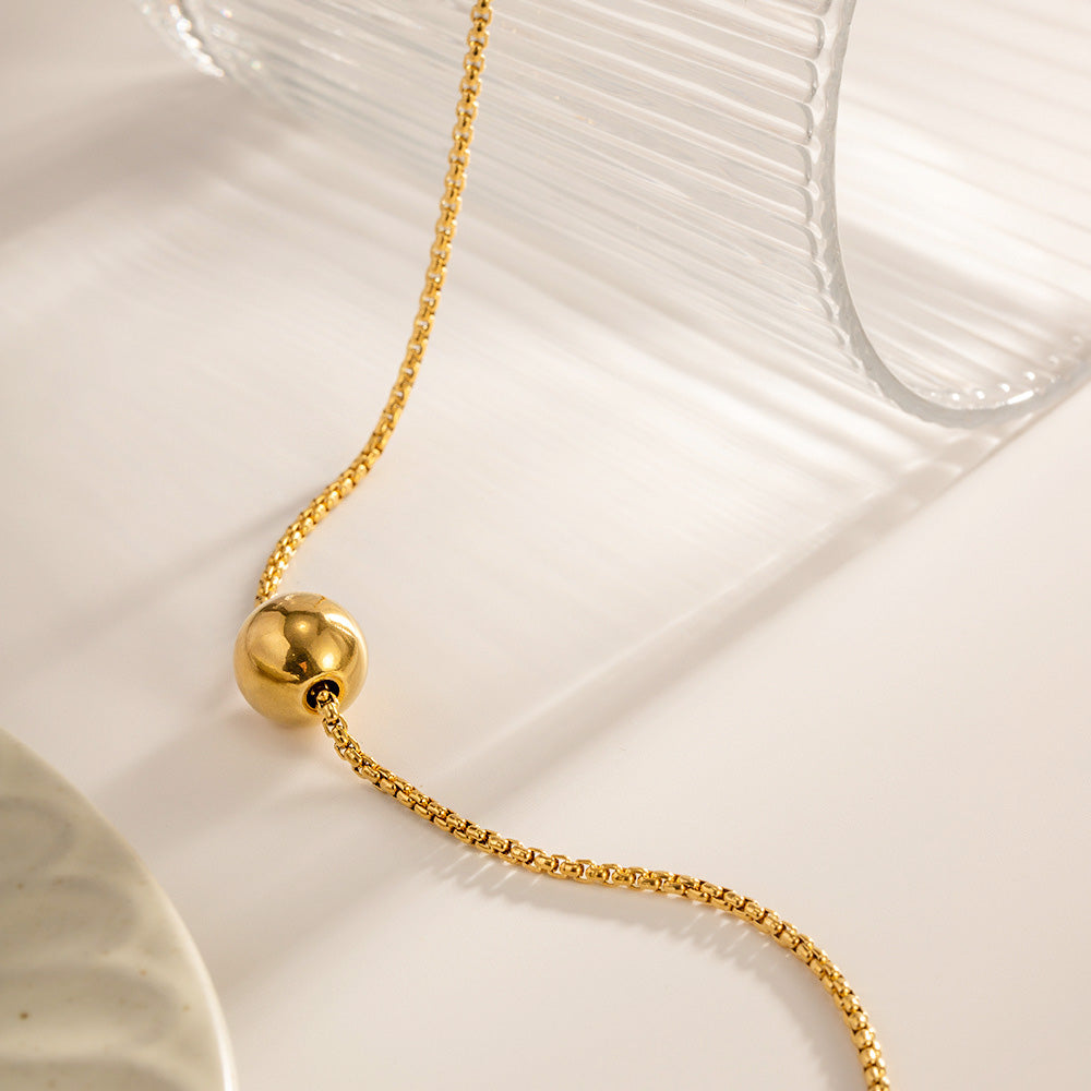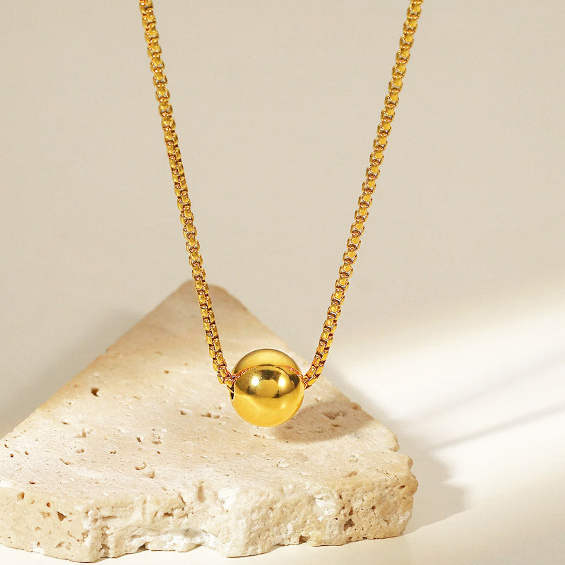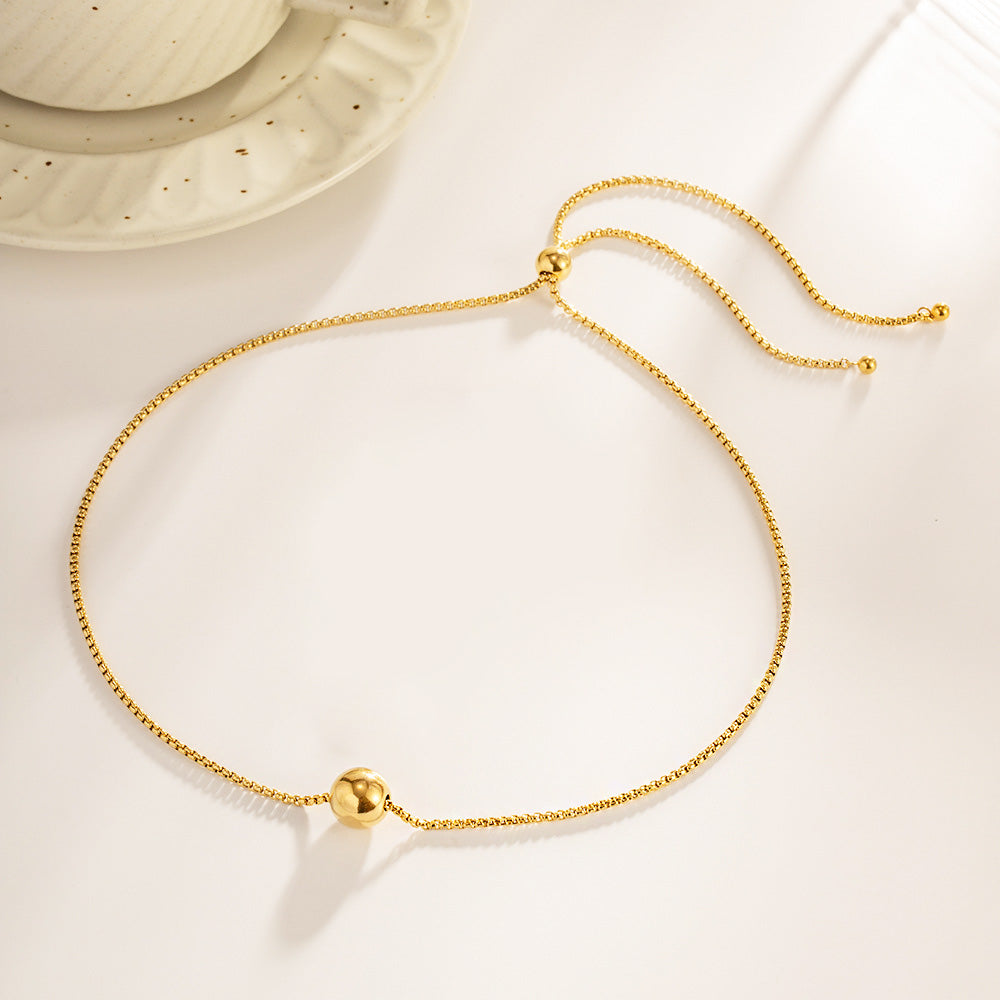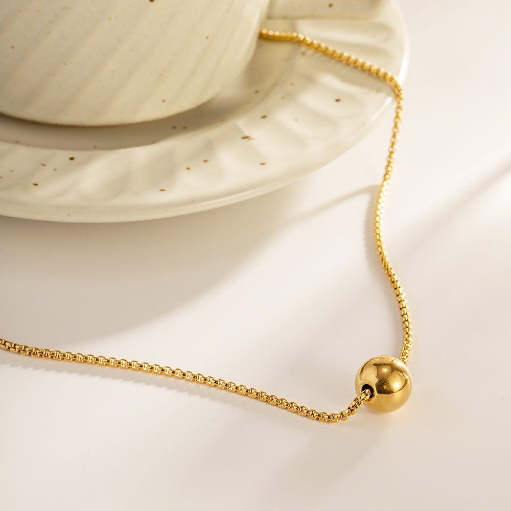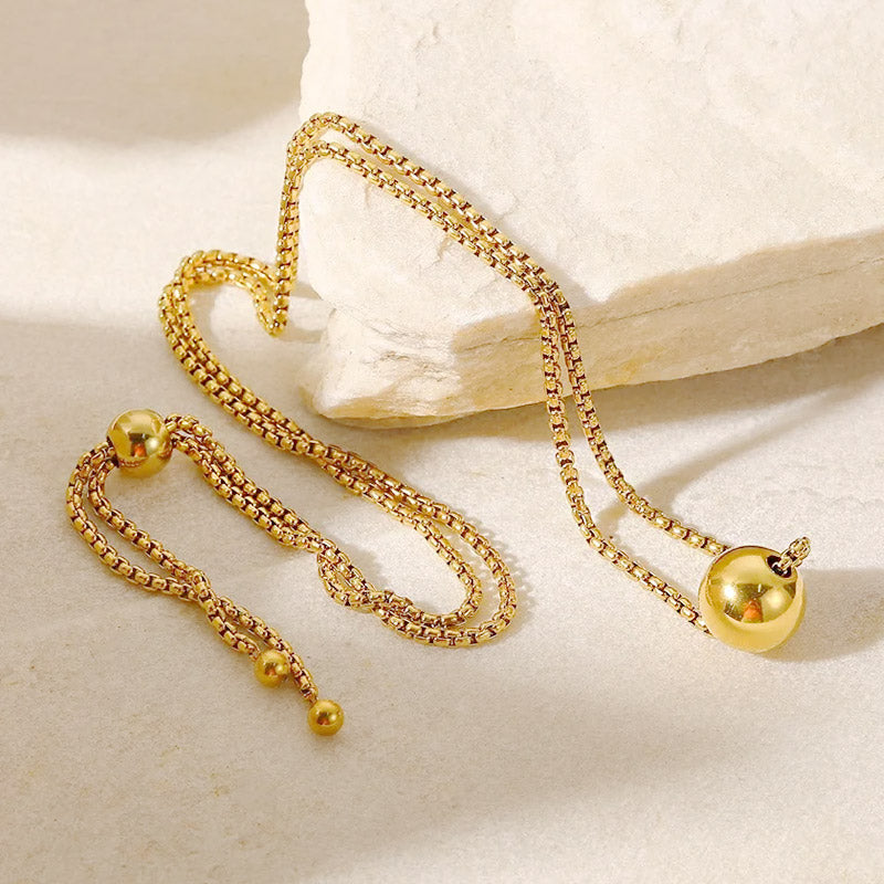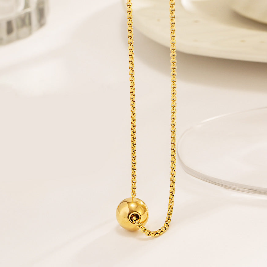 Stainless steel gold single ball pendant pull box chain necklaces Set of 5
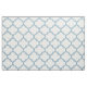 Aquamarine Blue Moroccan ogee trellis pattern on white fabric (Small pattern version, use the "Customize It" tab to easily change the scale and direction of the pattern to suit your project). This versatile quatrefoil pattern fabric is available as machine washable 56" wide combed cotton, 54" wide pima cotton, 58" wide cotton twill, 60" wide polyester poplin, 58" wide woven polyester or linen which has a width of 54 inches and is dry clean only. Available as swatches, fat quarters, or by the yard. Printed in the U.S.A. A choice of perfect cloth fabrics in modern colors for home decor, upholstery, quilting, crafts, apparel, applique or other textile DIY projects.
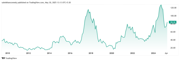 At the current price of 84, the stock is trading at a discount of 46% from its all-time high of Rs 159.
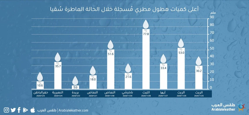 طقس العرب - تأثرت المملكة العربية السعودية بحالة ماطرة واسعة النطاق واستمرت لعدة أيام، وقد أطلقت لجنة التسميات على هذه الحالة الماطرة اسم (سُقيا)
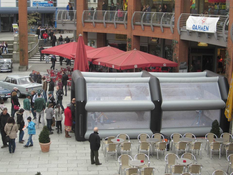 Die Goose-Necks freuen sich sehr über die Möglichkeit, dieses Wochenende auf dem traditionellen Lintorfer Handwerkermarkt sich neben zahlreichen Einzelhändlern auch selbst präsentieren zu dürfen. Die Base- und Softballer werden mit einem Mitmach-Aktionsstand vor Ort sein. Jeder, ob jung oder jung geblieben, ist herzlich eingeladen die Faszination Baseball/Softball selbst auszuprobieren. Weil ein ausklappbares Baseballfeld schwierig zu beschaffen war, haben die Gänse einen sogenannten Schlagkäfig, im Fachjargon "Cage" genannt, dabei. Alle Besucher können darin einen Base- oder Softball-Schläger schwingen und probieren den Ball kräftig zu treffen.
■ ■ ■
Exercise
Pictures are to be left out, while the records are copied word for word.

Task output
 Stainless steel gold single ball pendant pull box chain necklaces Set of 5
 Aquamarine Blue Moroccan ogee trellis pattern on white fabric (Small pattern version, use the "Customize It" tab to easily change the scale and direction of the pattern to suit your project). This versatile quatrefoil pattern fabric is available as machine washable 56" wide combed cotton, 54" wide pima cotton, 58" wide cotton twill, 60" wide polyester poplin, 58" wide woven polyester or linen which has a width of 54 inches and is dry clean only. Available as swatches, fat quarters, or by the yard. Printed in the U.S.A. A choice of perfect cloth fabrics in modern colors for home decor, upholstery, quilting, crafts, apparel, applique or other textile DIY projects.
 At the current price of 84, the stock is trading at a discount of 46% from its all-time high of Rs 159.
 طقس العرب - تأثرت المملكة العربية السعودية بحالة ماطرة واسعة النطاق واستمرت لعدة أيام، وقد أطلقت لجنة التسميات على هذه الحالة الماطرة اسم (سُقيا)
 Die Goose-Necks freuen sich sehr über die Möglichkeit, dieses Wochenende auf dem traditionellen Lintorfer Handwerkermarkt sich neben zahlreichen Einzelhändlern auch selbst präsentieren zu dürfen. Die Base- und Softballer werden mit einem Mitmach-Aktionsstand vor Ort sein. Jeder, ob jung oder jung geblieben, ist herzlich eingeladen die Faszination Baseball/Softball selbst auszuprobieren. Weil ein ausklappbares Baseballfeld schwierig zu beschaffen war, haben die Gänse einen sogenannten Schlagkäfig, im Fachjargon "Cage" genannt, dabei. Alle Besucher können darin einen Base- oder Softball-Schläger schwingen und probieren den Ball kräftig zu treffen.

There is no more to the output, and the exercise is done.